Salive: Si le test est positif, on est certain que l’élève a récemment pris du cannabis. Il est même sans doute encore sous l’influence du produit. Problème: s’il est négatif, on n’est sûr de rien. Selon les spécialistes, ce test est peu fiable. Il loupe énormément de prises de cannabis.
Urine: Ce test est considéré comme fiable. Mais, s’il est positif, il ne dit rien de la date de la prise de cannabis. Le hasch peut donc avoir été consommé deux mois auparavant!
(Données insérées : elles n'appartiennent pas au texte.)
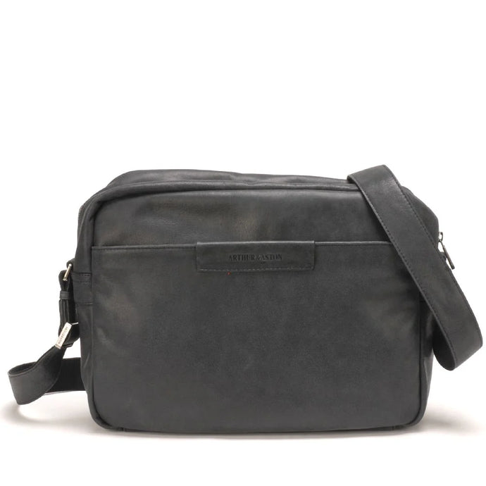 Cristiano destroyed leather messenger bag - Arthur & Aston noir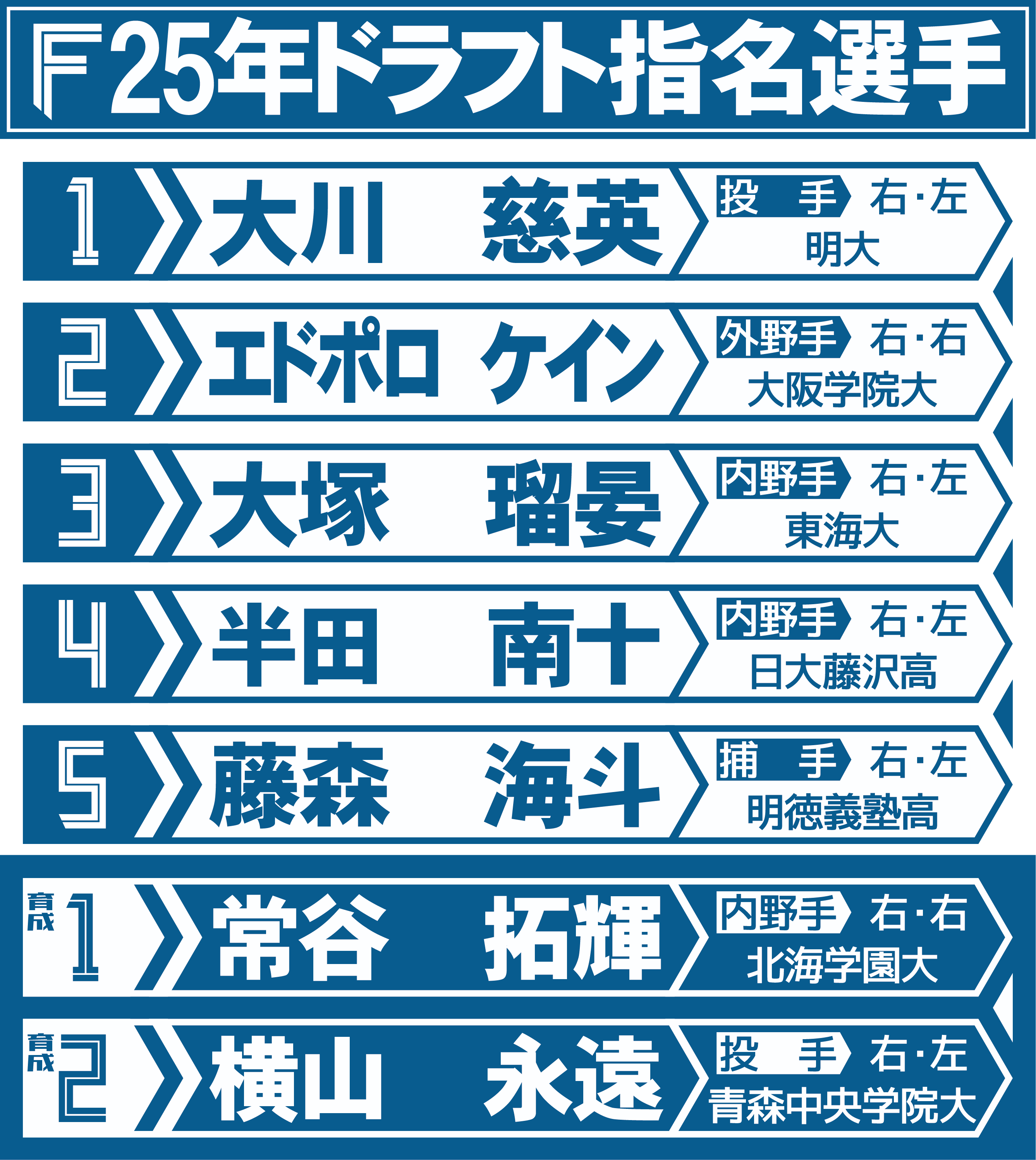 日本ハムは7選手の交渉権を獲得した。1位指名で2度競合し、続けてくじを外したが、3度目に最速155キロ右腕の大川慈英投手(明大)を指名。支配下の内訳は投手1人、捕手1人、内野手2人、外野手1人で、育成は投手と内野手が1人ずつとなった。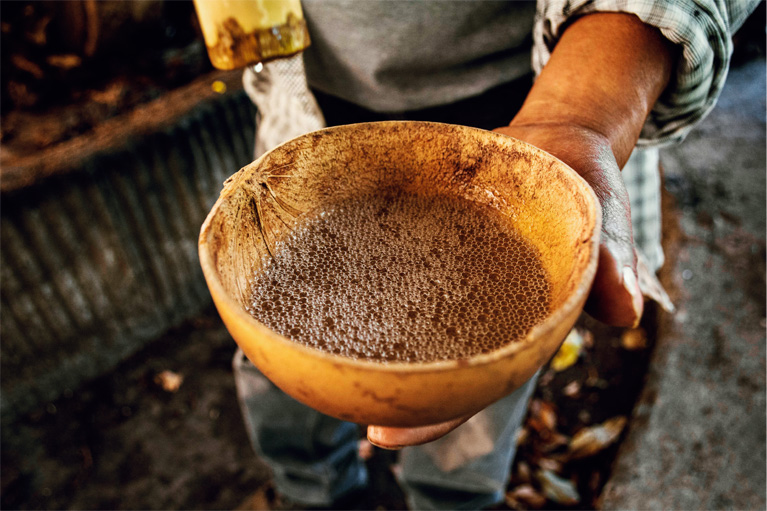 Así iniciamos la fermentación de este manjar que nos llevará finalmente a la destilación en donde calentamos el producto fermentado para concentrar los alcoholes de la mezcla con alambiques de cobre y recipientes de barro.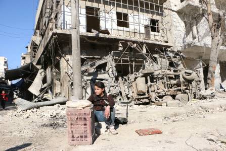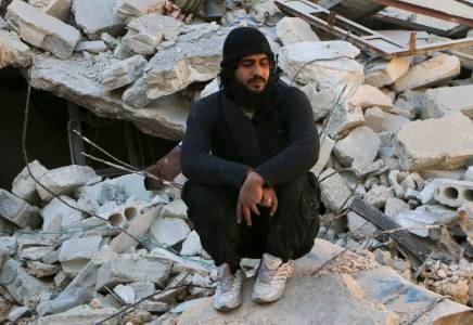 A man sits on the rubble of collapsed buildings at a site hit by what activists said was a barrel bomb dropped by forces loyal to Syria's President Bashar al-Assad in the al-Myassar neighbourhood of Aleppo February 12, 2014. REUTERS/Hosam Katan (SYRIA - Tags: POLITICS CIVIL UNREST CONFLICT MILITARY)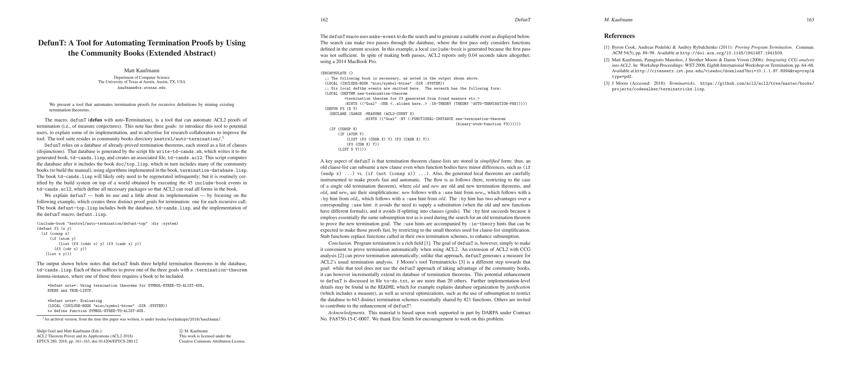 Summary: DefunT automates termination proofs for recursive definitions by leveraging existing termination theorems from community books, enhancing the efficiency of formal verification processes.

Des écoles privées n’hésitent pas
«Les dépistages de cannabis existent dans plusieurs écoles privées, avance Jacques-André Haury. Et, à ma connaissance, la consommation a baissé.» En la matière, le très huppé Collège du Léman, à Versoix (GE), a une réputation de sévérité. «Les prélèvements d’urine sont possibles grâce à un contrat passé avec les parents dès l’inscription, explique Francis Clivaz, l’ancien directeur. Nous pratiquions ces tests en cas de suspicion. Et heureusement, neuf fois sur dix, ils s’avéraient négatifs. Mais pas de demi-mesures pour les autres: l’élève était exclu.»
Pour Francis Clivaz, l’expérience était bénéfique. «C’est avant tout un instrument de dissuasion: l’élève ne prend pas le risque de se faire attraper. Ces dépistages existent d’ailleurs dans différentes institutions privées. Surtout si elles contiennent des internats.»
Dépistages abandonnés
Reste que depuis que M. Clivaz a tourné les talons, le Collège du Léman ne pratique plus de dépistages de cannabis, a indiqué hier l’institution, sans vouloir expliquer la raison de cette volte-face.